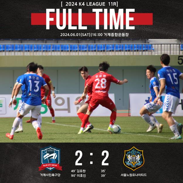 오늘 경기를 관람한 한 홈 팬은 “분위기가 짜릿했고 관중 속에서도 거제시민축구단 선수들의 에너지와 열정이 느껴졌다”며 “이호인의 동점 골은 한동안 잊지 못하겠다”고 설렘을 전해왔다.
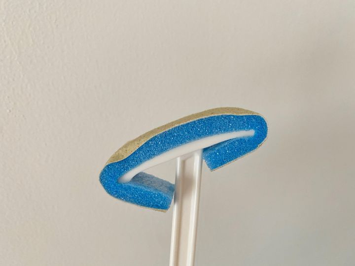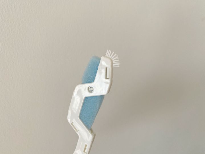 このブラシに付いているスポンジは予め洗剤が含まれているので、水に濡らすだけで掃除できちゃいます。ウォシュレットの形状にピタっと沿うので磨きやすい!
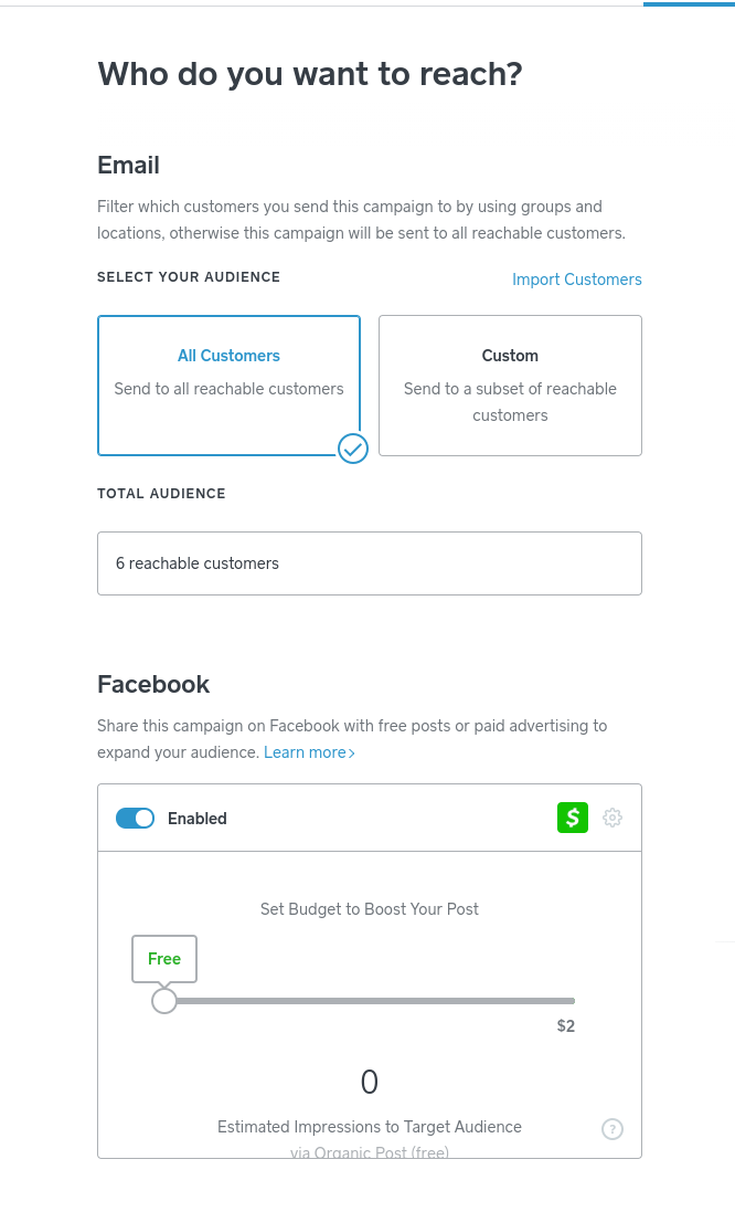 After enabling the toggle you should be prompted to connect your Facebook account. Once you complete the prompts you'll be redirected to your Square Dashboard and it will look similar to the image below.
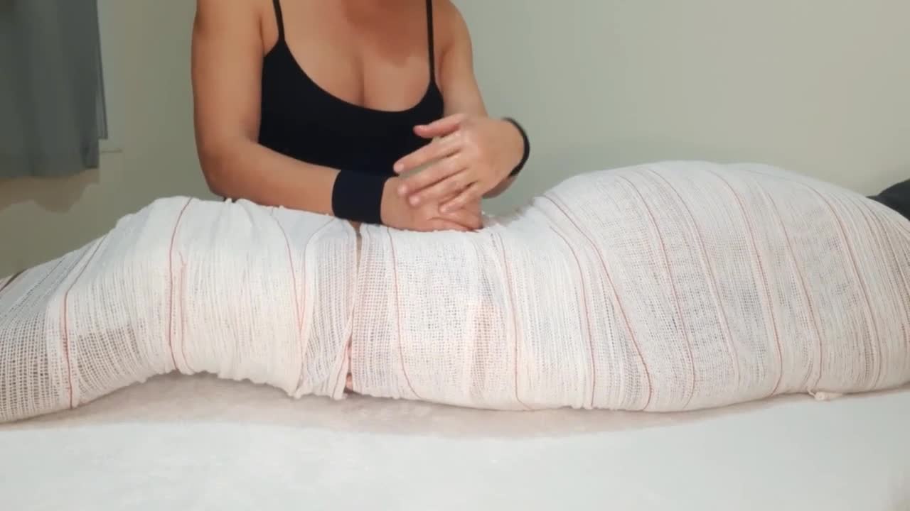 she worked a femdom handjob with two cumshots on legs

◆ Directions for this task: Skip every picture, and give the rest of the material above again exactly.

◆ Answer to this task:
 오늘 경기를 관람한 한 홈 팬은 “분위기가 짜릿했고 관중 속에서도 거제시민축구단 선수들의 에너지와 열정이 느껴졌다”며 “이호인의 동점 골은 한동안 잊지 못하겠다”고 설렘을 전해왔다.
 このブラシに付いているスポンジは予め洗剤が含まれているので、水に濡らすだけで掃除できちゃいます。ウォシュレットの形状にピタっと沿うので磨きやすい!
 After enabling the toggle you should be prompted to connect your Facebook account. Once you complete the prompts you'll be redirected to your Square Dashboard and it will look similar to the image below.
 she worked a femdom handjob with two cumshots on legs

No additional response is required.